Thursday, August 11, 2016

Jose Altuve is now batting .438 on the road.

Jose Altuve is now batting .438 on the road.

On a scale of miraculous feats, that ranks somewhere between Gus Triandos stealing a base and Lazarus returning from the dead. I've been through all the big seasons since 1913, and I could not find a road batting average higher than .405, although the home/road data are not yet available for Ty Cobb's two best years (1911 and 1912).

The .405 average, by the way does not belong to any of the legendary hitters, but to Ichiro. I would have to say that Harry Heilmann's .404 in 1923 was more impressive, given that he was considered the slowest player in the majors, so he didn't beat out a lot of infield grounders Ichiro-style.

By the way, here's what you need to say the next time anyone points out how amazing it is that Ichiro reached 3000 hits despite never having played in the majors before his 27th birthday:

If you throw out all the hits Pete Rose had before he turned 27 and pretend they occurred in Japan, that still leaves 3353 major league hits!
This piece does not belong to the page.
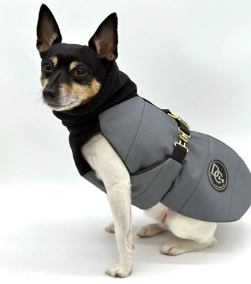 Keep your pup warm and dry this winter with our NEW City Chic Winter Coat. The Ottertex exterior stands up against wind and rain and the Sherpa fleece lining inside and on the chest and belly keep your pup warm. Complete with a reflective logo patch for better visibility at night. Adjustable surcingle straps around the belly for a custom fit. Sizes xx-small and x-small have a built-in D-ring so you can attach your favorite leash. Machine washable on gentle cycle with cold water, lay flat to dry. Available in XX-Small, X-Small, Small, and Medium, please see our size chart in the last image slide to find their best fit. A few large sizes available.

At Ichiro's current pace, he would have to play until he was 114 years old to reach that mark. OK, I'm kidding, but he would have to play at least three more seasons, maybe four.

If you look at what they did before that birthday, Ichiro had 1258 hits in Japan, while Rose had 903 honest-to-goodness real major league hits and 427 more in the minors, for a total of 1330. Moreover, Rose did that in eight seasons (plus four games in 1968), while Ichiro took nine seasons to reach a lower number. In other words, Rose comes out on top no matter how you stack the deck against him. In addition, Rose hit far more doubles (805 counting the minors, compared to 562 counting Japan) and triples (187 to 116). Ichiro, for all his blinding speed, was never very successful at producing triples, while Charlie Hustle's average speed once produced 30 triples in a single minor league season. Pete Rose may not be to your taste, but the man's numbers are monstrous.